*** Block opens ***
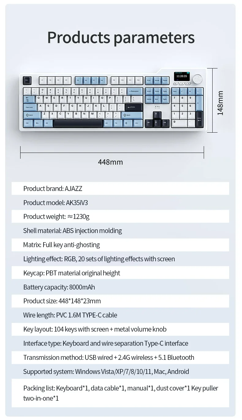 Packing list: Keyboard*1, data cable*l, manual*l, dust cover*1 Key pullertwo-in-one*1
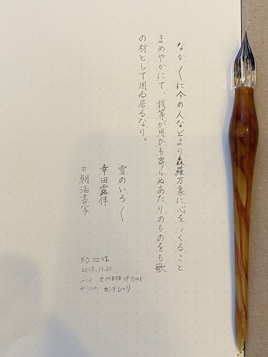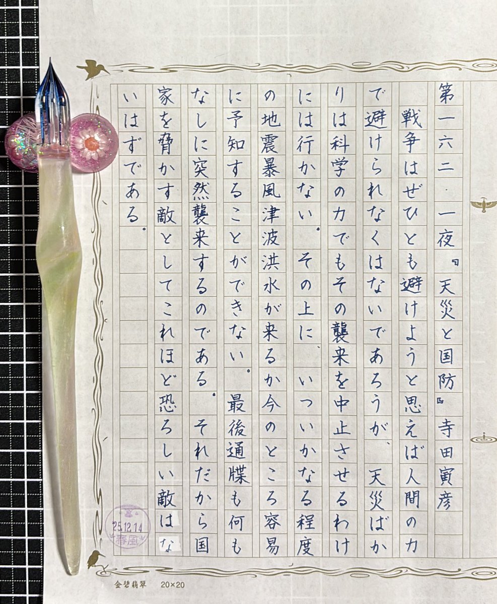 お題ありがとうございます🍀.* 久しぶりに #aun さんのガラスペンで書きました インク 石丸文行堂 長崎美景 眼鏡橋ハイドレンジアブルー 今日は赤穂浪士討入りでしたね #吾輩ノ書写デアルナンバー9 #あたぼう原稿用紙 金碧翡翠 pic.x.com/vKAXsA8a4b x.com/kennmeow1/stat…
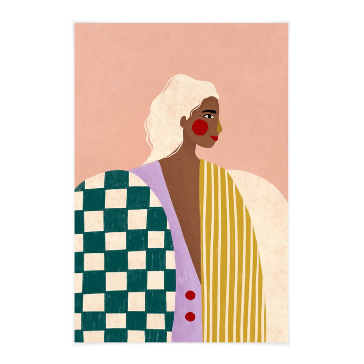 Dieses einzigartige Motiv zeigt eine stilisierte Frau, die von geometrischen Mustern und lebendigen Farbakzenten umgeben ist. Das smaragdgrüne Schachbrettmuster, die warmen senfgelben Streifen und der zartrosa Hintergrund harmonieren perfekt miteinander und verleihen dem Bild einen kraftvollen und zugleich eleganten Look. Dezente Details wie die roten Wangen und minimalistische Linien runden die Komposition ab und betonen den modernen Charakter des Motivs.
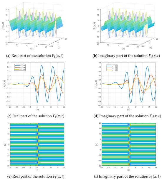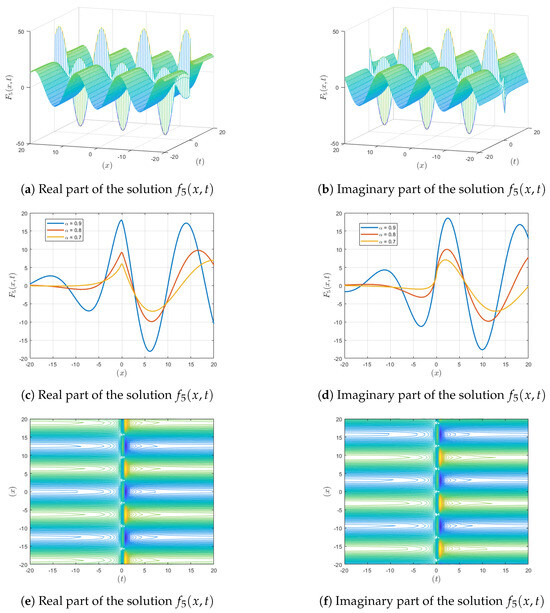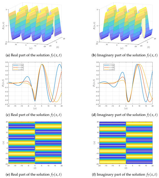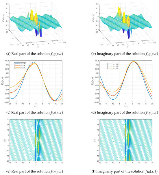 In this regard, the two cases obtained using the algebraic system described above may be used to identify families of solutions with regard to . These solution families show different behaviors of the system in different cases. The emergent solution behaviors reveal the temporal dynamics of the system, as well as the physical manifestations and mechanisms under a variety of fractional-order controls and initial states. Moreover, these families of solutions include all the interconnections distinguished in the system, while revealing the impacts of different on soliton behavior and stability, and it has significance for fluid dynamics and nonlinear waves.
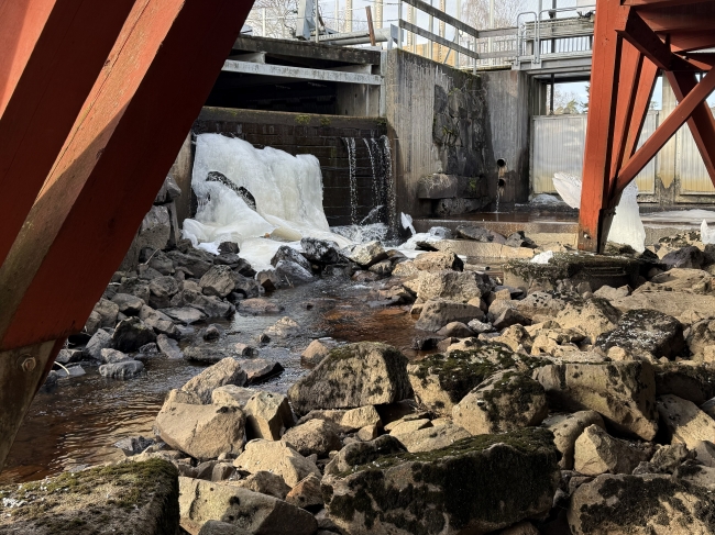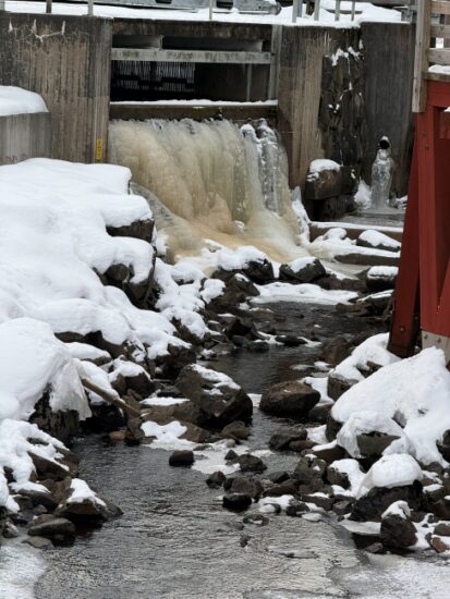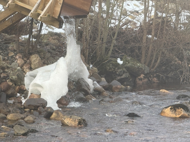 Ett hundratal meter uppströms syns en rejäl isvägg. Det är minus 10 grader den 17 februari.
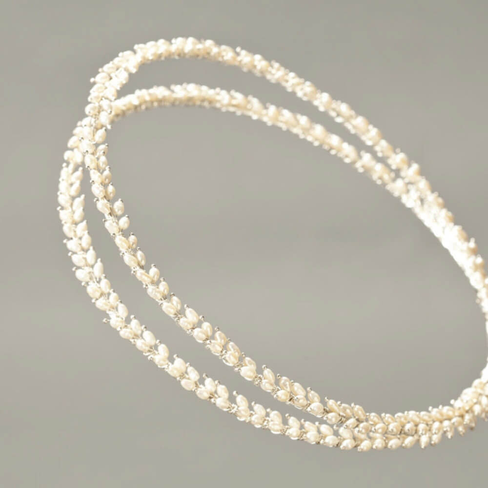 Χειροποίητα στέφανα γάμου από ασήμι 925° με μοναδικό χειροποίητο σχέδιο ιδιαίτερης αισθητικής με φυσικά καλλιεργημένα μαργαριτάρια.
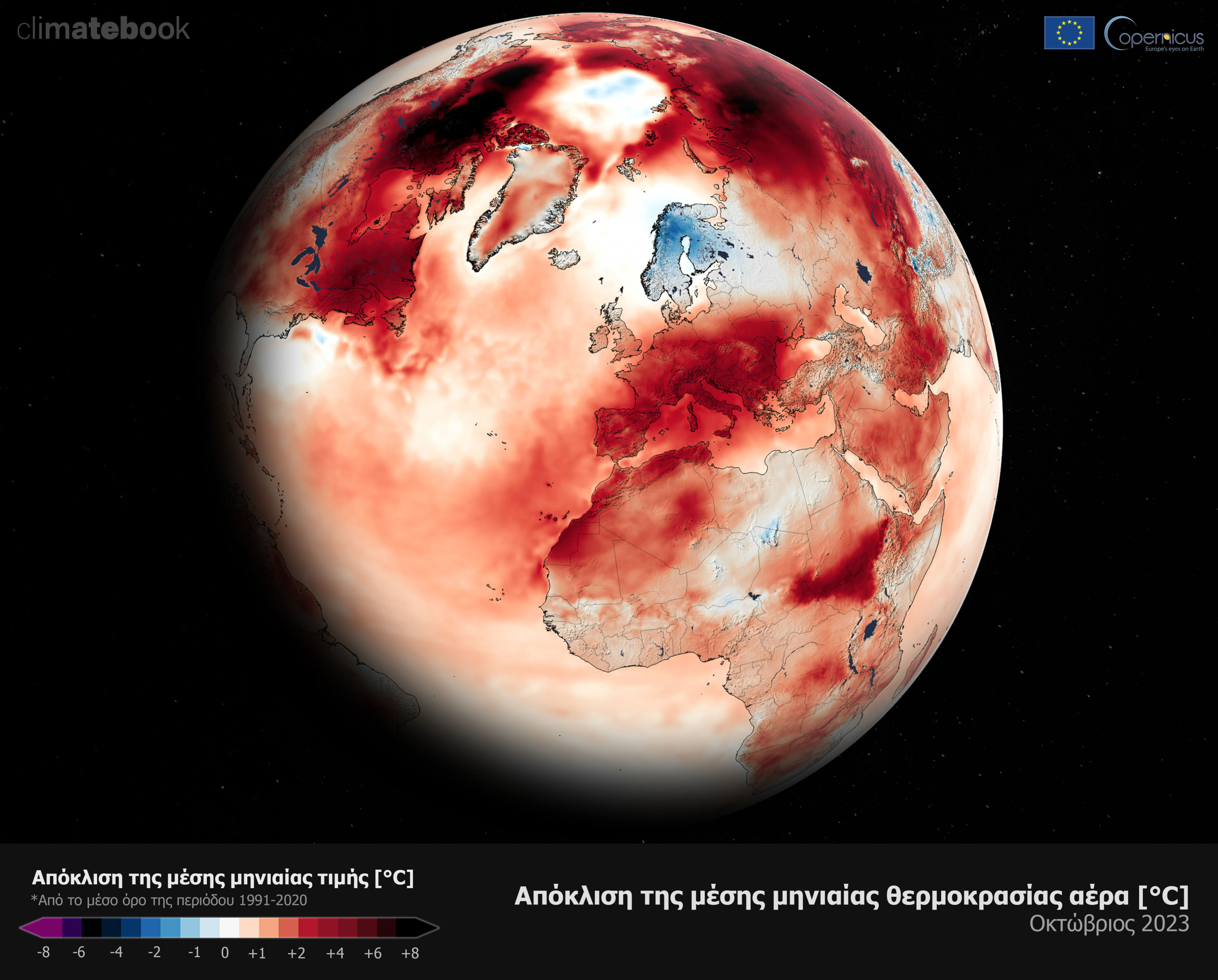 Στην Ελλάδα η θερμοκρασία τον Οκτώβριο του 2023 κυμάνθηκε αρκετά πάνω από το μέσο όρο της περιόδου 1991-2020, καταγράφοντας έναν από τους θερμότερους μήνες Οκτωβρίου των τελευταίων 30 ετών.
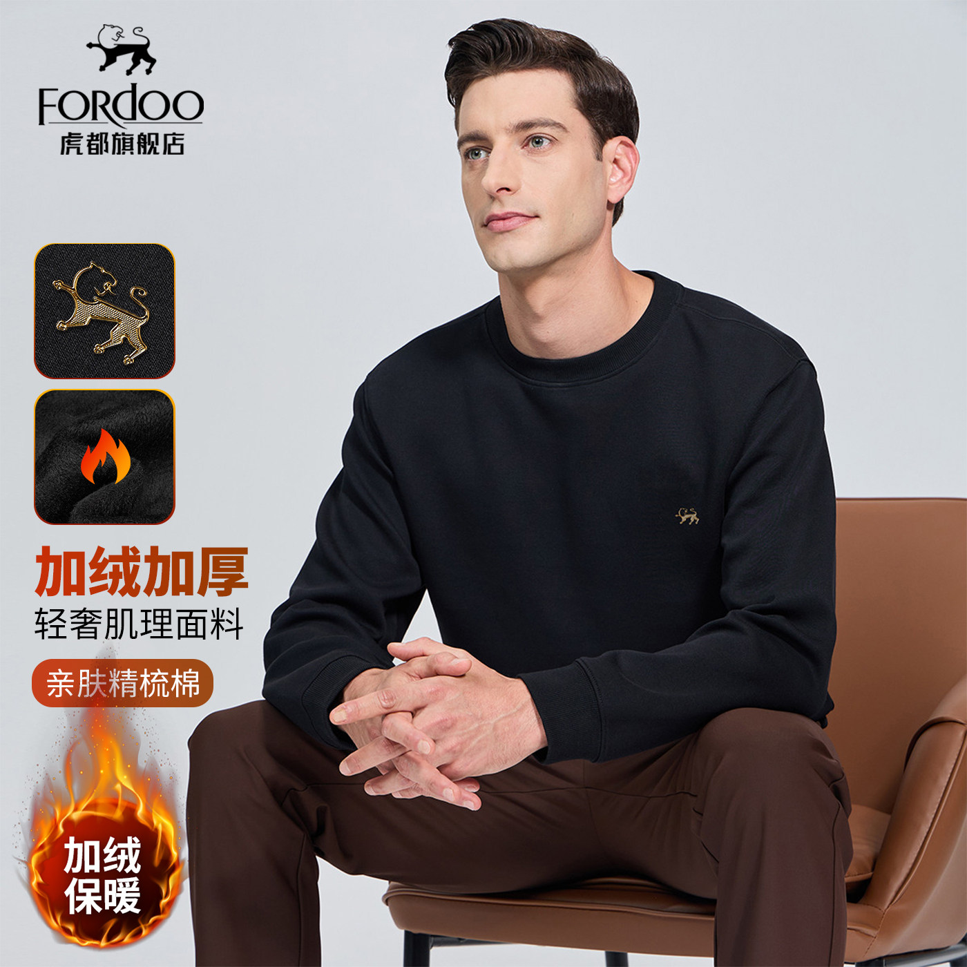 虎都精梳棉圆领卫衣男款长袖T恤
*** Block closes ***
## Aim of the exercise
The records above must be printed exactly, but the pictures they hold should be omitted.

## Response
 Packing list: Keyboard*1, data cable*l, manual*l, dust cover*1 Key pullertwo-in-one*1
 お題ありがとうございます🍀.* 久しぶりに #aun さんのガラスペンで書きました インク 石丸文行堂 長崎美景 眼鏡橋ハイドレンジアブルー 今日は赤穂浪士討入りでしたね #吾輩ノ書写デアルナンバー9 #あたぼう原稿用紙 金碧翡翠 pic.x.com/vKAXsA8a4b x.com/kennmeow1/stat…
 Dieses einzigartige Motiv zeigt eine stilisierte Frau, die von geometrischen Mustern und lebendigen Farbakzenten umgeben ist. Das smaragdgrüne Schachbrettmuster, die warmen senfgelben Streifen und der zartrosa Hintergrund harmonieren perfekt miteinander und verleihen dem Bild einen kraftvollen und zugleich eleganten Look. Dezente Details wie die roten Wangen und minimalistische Linien runden die Komposition ab und betonen den modernen Charakter des Motivs.
 In this regard, the two cases obtained using the algebraic system described above may be used to identify families of solutions with regard to . These solution families show different behaviors of the system in different cases. The emergent solution behaviors reveal the temporal dynamics of the system, as well as the physical manifestations and mechanisms under a variety of fractional-order controls and initial states. Moreover, these families of solutions include all the interconnections distinguished in the system, while revealing the impacts of different on soliton behavior and stability, and it has significance for fluid dynamics and nonlinear waves.
 Ett hundratal meter uppströms syns en rejäl isvägg. Det är minus 10 grader den 17 februari.
 Χειροποίητα στέφανα γάμου από ασήμι 925° με μοναδικό χειροποίητο σχέδιο ιδιαίτερης αισθητικής με φυσικά καλλιεργημένα μαργαριτάρια.
 Στην Ελλάδα η θερμοκρασία τον Οκτώβριο του 2023 κυμάνθηκε αρκετά πάνω από το μέσο όρο της περιόδου 1991-2020, καταγράφοντας έναν από τους θερμότερους μήνες Οκτωβρίου των τελευταίων 30 ετών.
 虎都精梳棉圆领卫衣男款长袖T恤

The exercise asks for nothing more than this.